Vasculitides
MRCS Part A & B — Comprehensive Study Notes
Overview & Classification of Vasculitides
Vasculitis is inflammation of blood vessels. Classification by vessel size helps organise the differential diagnosis and predict clinical manifestations. The Chapel Hill Consensus Conference (CHCC 2012) classification system is the gold standard.
Chapel Hill Consensus Conference Classification (CHCC 2012)

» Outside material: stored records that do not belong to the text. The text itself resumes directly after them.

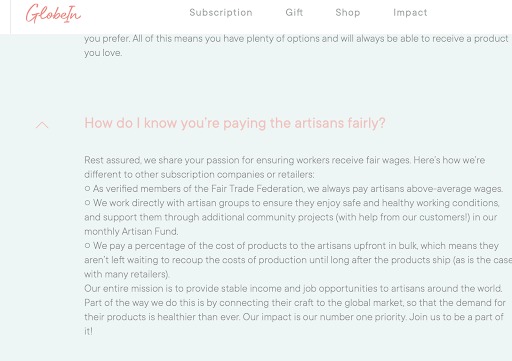 GlobeIn benutzt die FAQ-Seite, um ihre Nachhaltigkeit zu belegen und erklärt, wie die Firma arbeitet und dass sie ein verifiziertes Mitglied der Fair Trade Federation sind.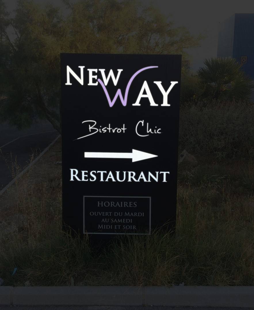 L'enseigne conçoit votre totem publicitaire avec texte lumineux.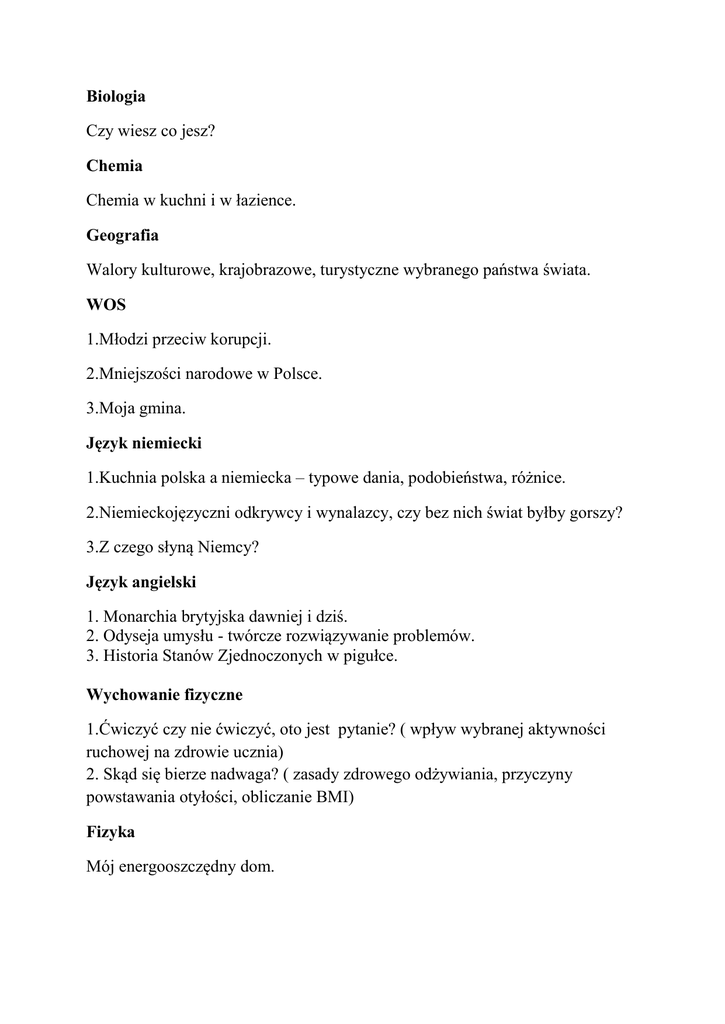Biologia Czy wiesz co jesz? Chemia Chemia w kuchni i w łazience. Geografia Walory kulturowe, krajobrazowe, turystyczne wybranego państwa świata. WOS 1.Młodzi przeciw korupcji. 2.Mniejszości narodowe w Polsce. 3.Moja gmina. Język niemiecki 1.Kuchnia polska a niemiecka – typowe dania, podobieństwa, różnice. 2.Niemieckojęzyczni odkrywcy i wynalazcy, czy bez nich świat byłby gorszy? 3.Z czego słyną Niemcy? Język angielski 1. Monarchia brytyjska dawniej i dziś. 2. Odyseja umysłu - twórcze rozwiązywanie problemów. 3. Historia Stanów Zjednoczonych w pigułce. Wychowanie fizyczne 1.Ćwiczyć czy nie ćwiczyć, oto jest pytanie? ( wpływ wybranej aktywności ruchowej na zdrowie ucznia) 2. Skąd się bierze nadwaga? ( zasady zdrowego odżywiania, przyczyny powstawania otyłości, obliczanie BMI) Fizyka Mój energooszczędny dom. Język polski Włącz się – Młodzi i media. Religia 1.Spacer po Jerozolimie- miejscu kultu i pielgrzymek. 2. Sanktuaria Maryjne Śląska. Zajęcia techniczne 1. Jak udzielić I pomocy w nagłych wypadkach? 2. Ścieżki rowerowe jako sposób na poznanie najbliższej okolicy – prezentacje multimedialne uwzględniające trasy, ciekawe miejsca oraz przepisy dotyczące rowerzystów. 3. Kto ma pierwszeństwo - wykonanie gry planszowej uwzględniającej znaki i sygnały drogowe. Historia 1.Obraz rodziny na przestrzeni wieków. 2.Historia przez pryzmat życia jednostek - kobiety sukcesu – królowa Bona, Maria Skłodowska – Curie... 3.Jak ubierali się nasi przodkowie ? Przeszłość i teraźniejszość. 4.Menu mieszkańca dawnej Europy. Jak się odżywiano w dawnych wiekach?
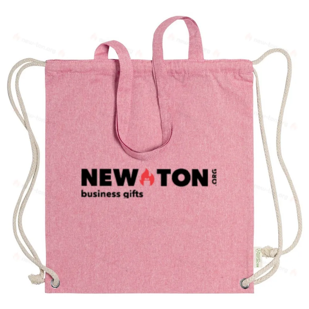 Сумка на завязках из переработанного хлопка с толстыми косичками и длинными ручками. Ее также можно использовать как сумку для покупок. 100% переработанный хлопок, 140 г/м².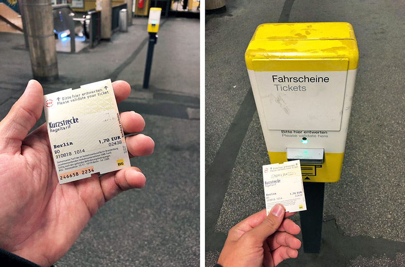 Действительно, в метро Берлина можно заходить свободно, без всяких «кордонов безопасности». Проезд, однако, платный. У входа стоит терминал, который печатает проездные билеты на бумаге, почти как чеки.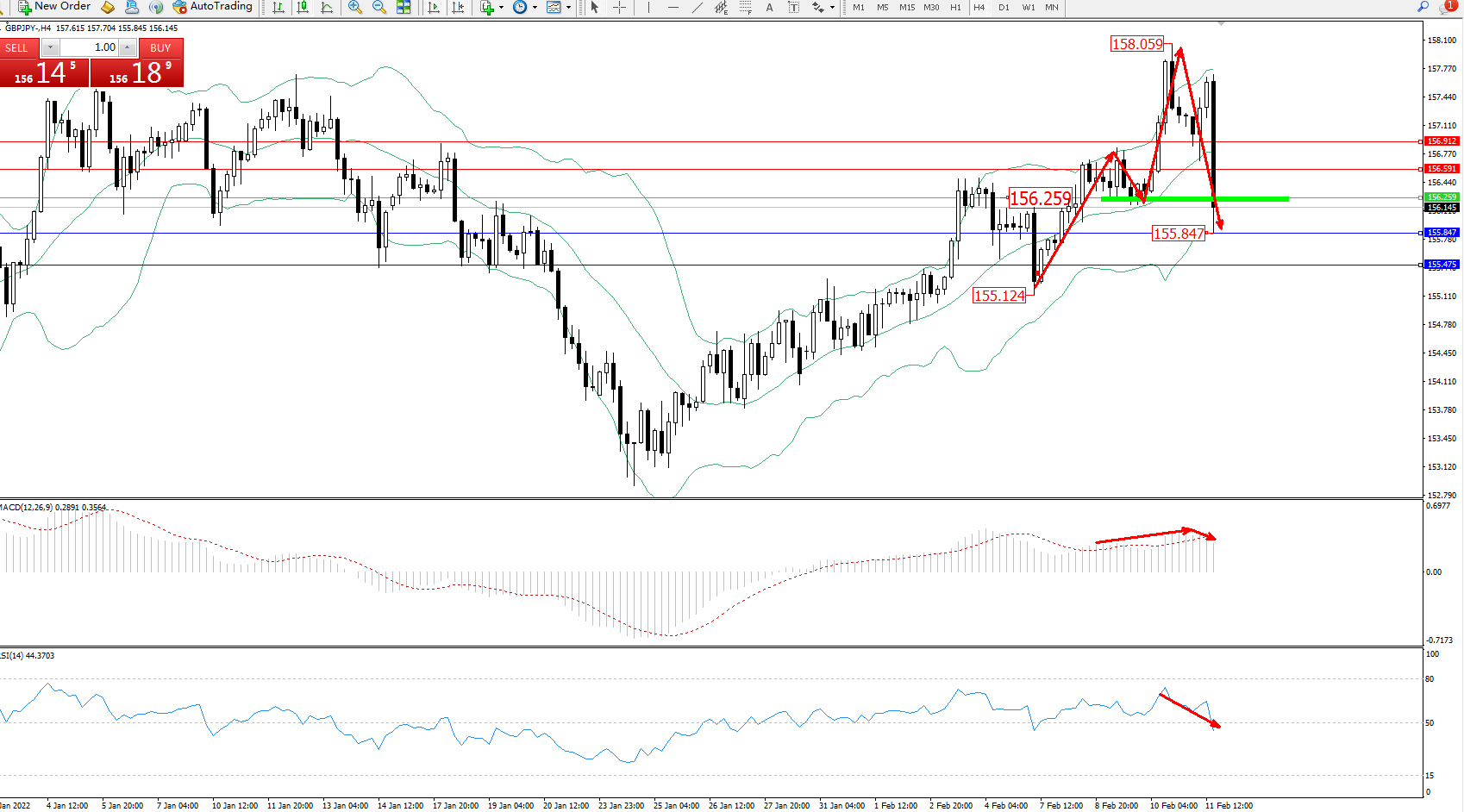 交易策略:156.259下方看跌,目标155.847、155.475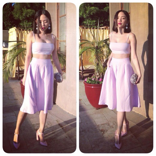 | Gợi ý cho phong cách tiệc tùng với bra top và chân váy midi. |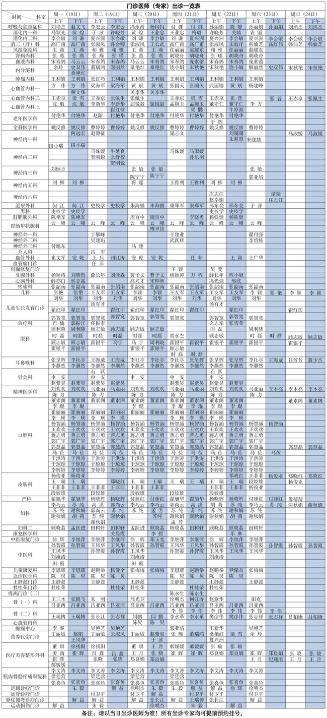为更好地方便广大患者就医问诊,现将郑州大学第五附属医院门诊医师(专家)出诊一览表(2023年9月18日——9月24日)公布如下。
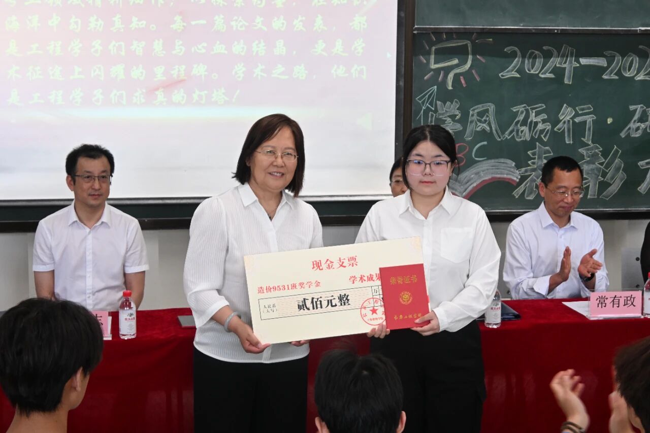 “造价9531班奖学金”对本次受表彰的先进个人予以奖励,造价9531班校友钟智群代表造价9531班全体校友,向全院同学提出几点希望。一是坚持做难而正确的事。清晰的价值观和原则是坚持不懈的基石,同学们要在各自的领域深耕,确立好自己的目标并为之努力,坚持不懈,必有回响。二是坚信努力的意义。只有不断地学习,才能让我们对这个世界的认知有更高层次的理解。造价9531班校友们在学生时代就坚定学习的信念,坚持学习不停歇,现在都在各自的领域有所成就。三是坚定自己的人生方向。要根据自身特点、擅长领域树立正确的发展目标,锚定方向,专注自己,才能从容不迫地向着目标靠近。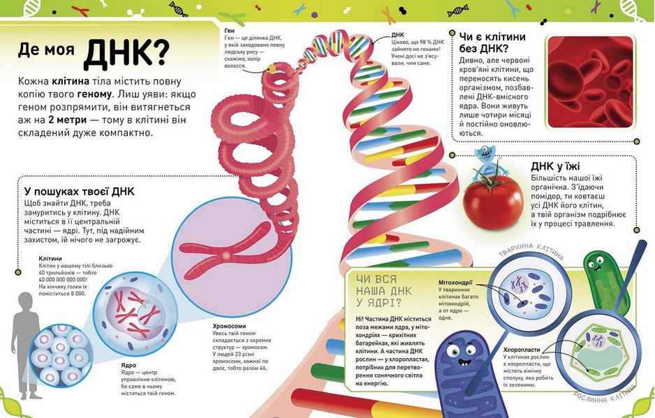 Надзвичайні ДНК Розширення світогляду Ранок. У виданні яскраво подано цікаві факти про дивовижну молекулу ДНК і гени, які є ключами всього життя від кита до дрібної амебки.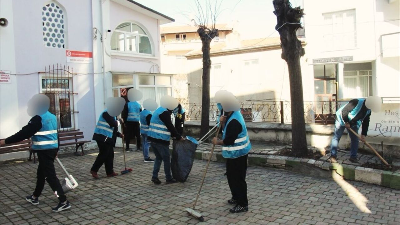 Yükümlüler tarafından camilerin içi, avlusu ve çevresinde temizlik çalışması yapıldı.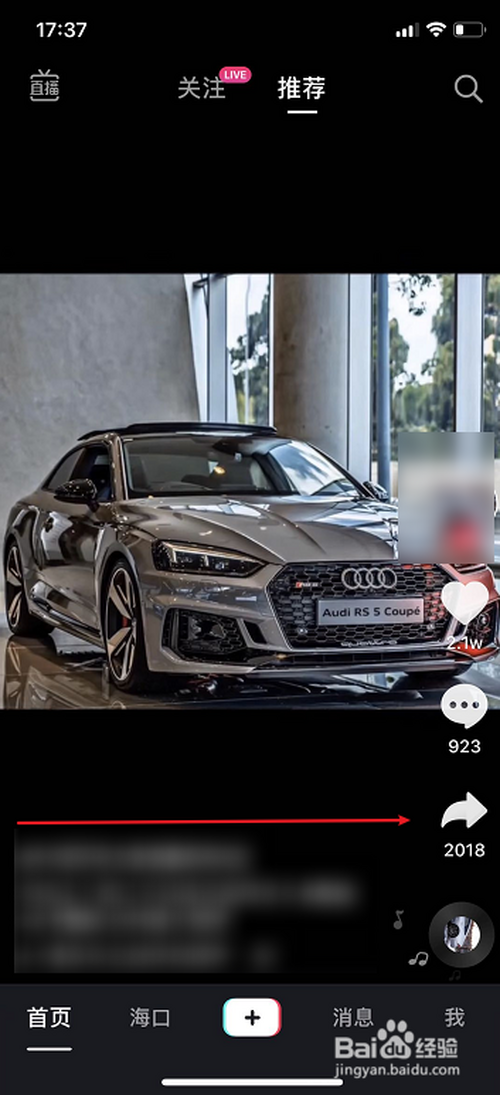 打开抖音,刷到喜好的视频后,点击【转发按钮】
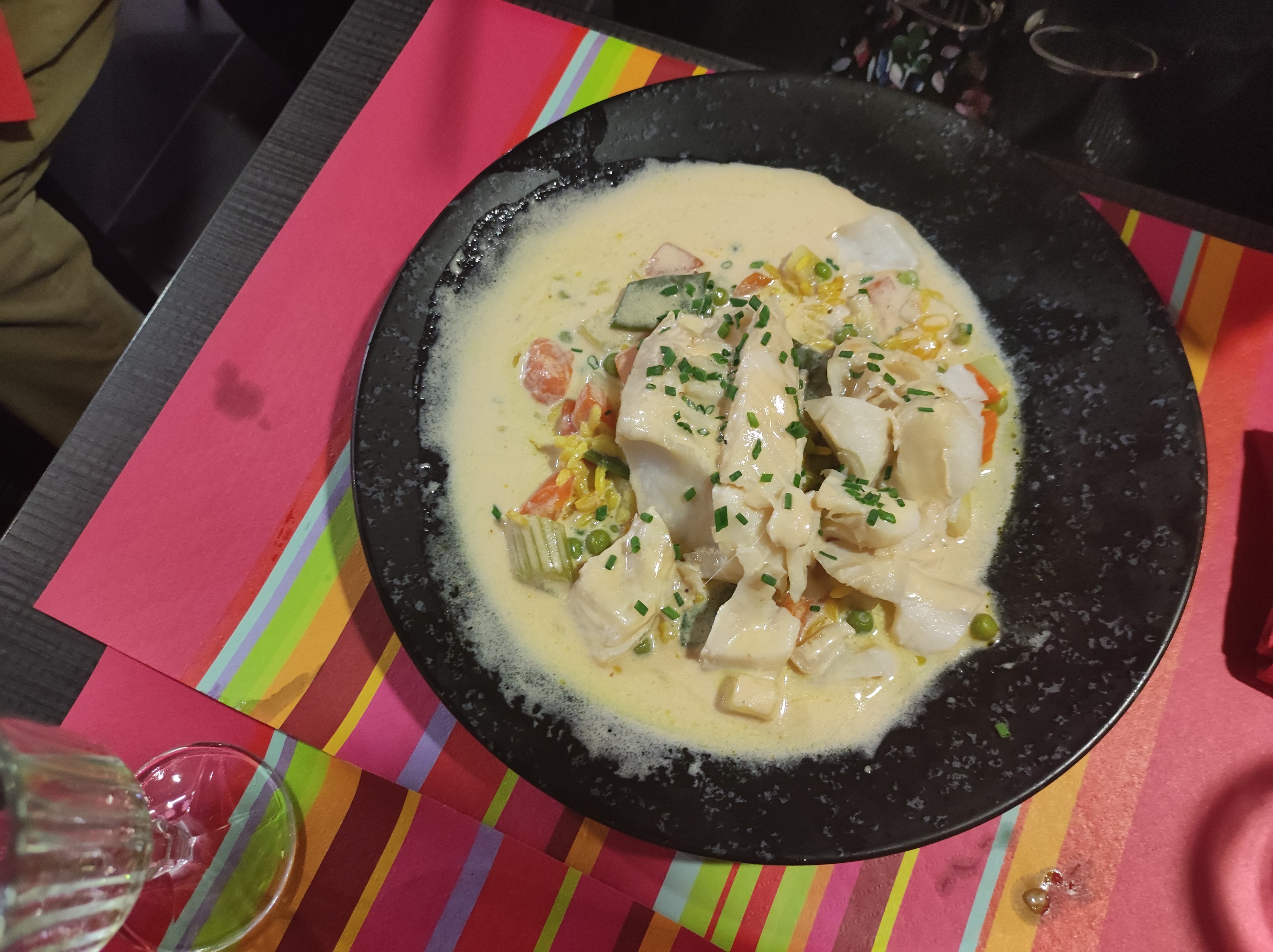 Le fish and chips maison était en petites portions, mais bien cuit et croustillant. Les moules par contre étaient très pauvres. Très petit, beaucoup de viandes écrasées et de coquilles cassées. Il y avait un choix de deux sauces de cuisson, « nature » et « crème ». Le « naturel » n'était pas beaucoup mieux que l'eau de mer et la « crème » semblait juste être une surabondance de crème par-dessus. Je pensais que les moules étaient préparées avec des échalotes, de l'ail et du bon vin blanc ? Et mangé avec du pain français frais et croustillant, pas un petit pain aux briques dures comme de la pierre ! Aucune trace de tout cela ! La cuisine française??? Non! Les plats principaux, les desserts et une bouteille de muscadet terne coûtaient plus de 100 €, nous ne reviendrons pas.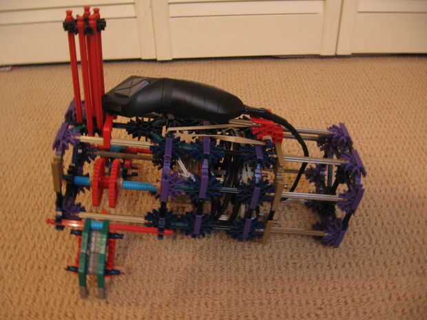 esto es una ametralladora de k'nex. Se dispara bastante lejos y es divertido de usar. Tiene una tasa firering 6,7 o 8 vueltas por segundo. Construirlo y probarlo, es una muy divertida pistola. Por cierto, yo no soy responsable de lo que se hacer con esta arma!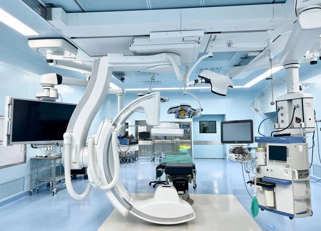 医院选用了联影数字化 PET-CT、飞利浦超高端立体双层探测器光谱 CT、飞利浦高端 3.0T 磁共振、爱尔博海博刀系统、罗氏全自动检验流水线等配置填补了胶州市空白。医科达直线加速器、飞利浦 DSA 数字减影血管造影和杂交手术室、奥林巴斯 3D 腹腔镜、蔡司荧光手术显微镜等均处于国内领先水平,保障重点学科的建设与发展。医院配置了 BIM 管理系统,是省内第一家医院后勤智能化管理系统。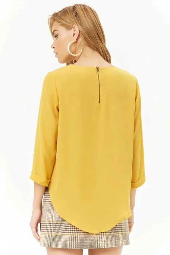 Doesn't this Chiffon top look chic? With its scoop neckline, cuffed sleeves and a curved hem it is sure to be a great addition to my closet! One of the features I like best is the exposed back zipper. I plan on wearing my hair up to showoff this cute detail.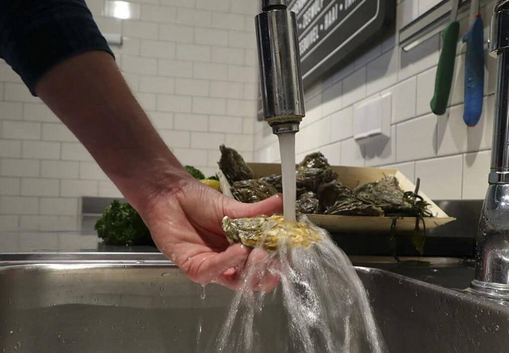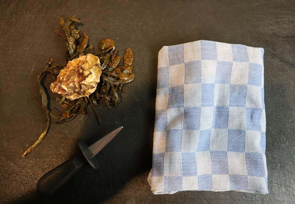 Voor het serveren kun je de losse oester nog even omdraaien in zijn eigen sap in de schelp, om de oester nog lekkerder te laten smaken.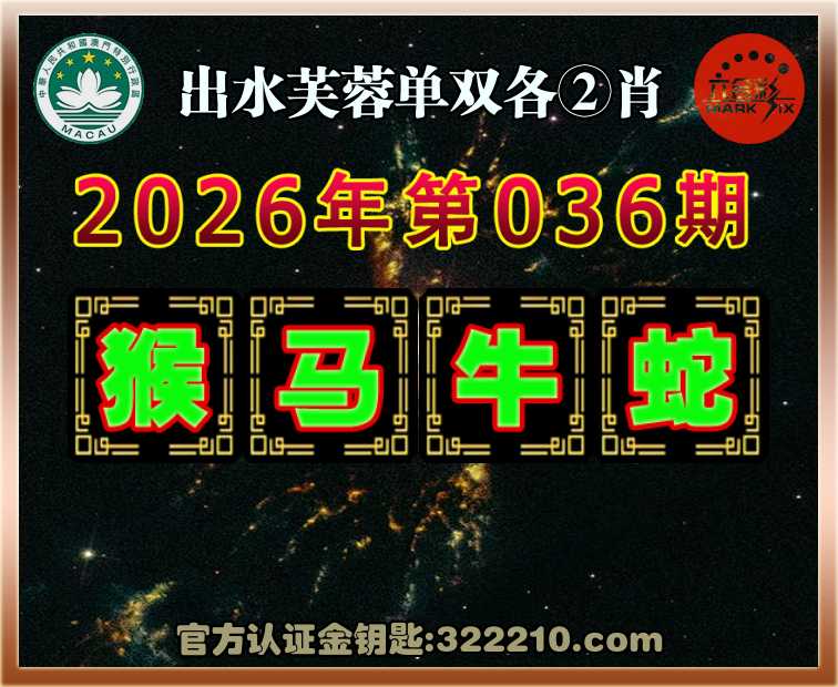 036期:《出水芙蓉》 ✌️单双各②肖✌️【猴.马.牛.】开:蛇01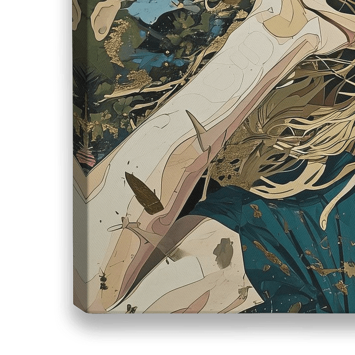 Joy - Dynamik und Freude versprühen dieses Porträt, in dem eine Figur in einem Moment unbändiger Freude ihr Haar vor einem Hintergrund voller abstrakter Blumenformen locker hin und her wirft. Die Kombination aus Goldspritzern und leuchtenden Blautönen verleiht der Szene eine fast festliche Ausstrahlung, während die lockeren…
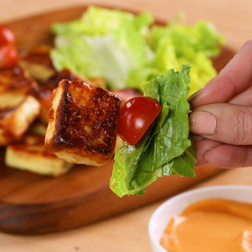 - To assemble, skewer a piece of romaine lettuce, a cherry tomato half, and a cube of the cooked cheese onto a toothpick.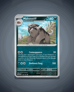 In the vibrant world of Paldea Evolved, Uncommon Pokémon enthusiasts will find Mabosstiff, a Darkness-type powerhouse with 140 HP. This canine companion wields Darkness Fang as its primary attack, making it an intriguing addition to any collector’s arsenal. Despite the absence of noted abilities, Mabosstiff’s…

| Vessel Size | Vasculitis Type | Key Features | ANCA Status |
|---|---|---|---|
| Large Vessel | Giant Cell Arteritis (GCA/Temporal Arteritis) | Granulomatous inflammation of elastic arteries; extracranial (temporal artery, aorta, branch arteries); age >50; visual loss risk | Negative |
| Takayasu’s Arteritis | Granulomatous inflammation of aorta and main branches; young Asian women; pulseless disease risk | Negative | |
| Medium Vessel | Polyarteritis Nodosa (PAN) | Segmental necrotising inflammation; microaneurysms on angiography; NO glomerulonephritis (distinctive); HBV association 30% | Negative |
| Kawasaki Disease | Medium vessel vasculitis; children; coronary artery involvement; fever, rash, mucosal changes | Negative | |
| Small Vessel — ANCA-Associated | GPA (Granulomatosis with Polyangiitis/Wegener’s) | Necrotising granulomatous vasculitis; upper respiratory (sinusitis, epistaxis, saddle-nose deformity), lung (cavitary lesions, haemoptysis), kidney (RPGN) | c-ANCA/PR3 (90% systemic) |
| MPA (Microscopic Polyangiitis) | Necrotising non-granulomatous vasculitis; pauci-immune RPGN; pulmonary capillaritis (DAH); NO granulomas, NO ENT | p-ANCA/MPO (75%) | |
| EGPA (Eosinophilic GPA/Churg-Strauss) | Necrotising vasculitis with eosinophil infiltration; asthma (cardinal feature in all cases), peripheral eosinophilia, cardiac involvement, pulmonary infiltrates | p-ANCA/MPO (40–50%) | |
| Small Vessel — Immune Complex | IgA Vasculitis (IgAV/Henoch-Schönlein Purpura) | IgA-dominant immune complex deposition in kidneys, skin, GI; palpable purpura; arthritis; abdominal pain; glomerulonephritis | Negative |
| Cryoglobulinaemic Vasculitis | Immune complex deposition; HCV association; palpable purpura, peripheral neuropathy, glomerulonephritis | Negative | |
| Anti-GBM Disease (Goodpasture’s) | Linear IgG deposit on basement membrane; pulmonary-renal syndrome; diffuse alveolar haemorrhage; crescentic GN | Negative | |
| Variable Vessel | Behçet’s Disease, Cogan’s Syndrome | Recurrent oral/genital aphthous ulcers; eye involvement; thrombosis (venous), aneurysms | Negative |
Diagnostic Approach to Suspected Vasculitis
History & Exam: Constitutional symptoms (fever, malaise, weight loss, night sweats), organ-specific manifestations (skin, respiratory, renal, neurological), vascular claudication, pulses. Inflammatory markers: ESR (usually >50 mm/hr in active disease, but may be normal in 20–30%), CRP, FBC (anaemia, thrombocytosis, neutrophilia), U&E (renal dysfunction), LFT, urinalysis (proteinuria, haematuria, RBC casts → glomerulonephritis). ANCA testing: c-ANCA (PR3 = GPA), p-ANCA (MPO = MPA/EGPA). Imaging: CXR (pulmonary infiltrates, cavitations), HRCT chest (diffuse alveolar haemorrhage, nodules), imaging of affected organs. Biopsy: Gold standard for diagnosis — tissue inflammation, immunofluorescence pattern (ANCA-associated = pauci-immune; immune complex = granular deposits). Treatment framework: Induction phase (high-dose corticosteroids ± immunosuppressive agents) → achieve remission → remission maintenance (lower-dose corticosteroids + steroid-sparing agents) → monitoring (clinical activity, inflammatory markers, organ function).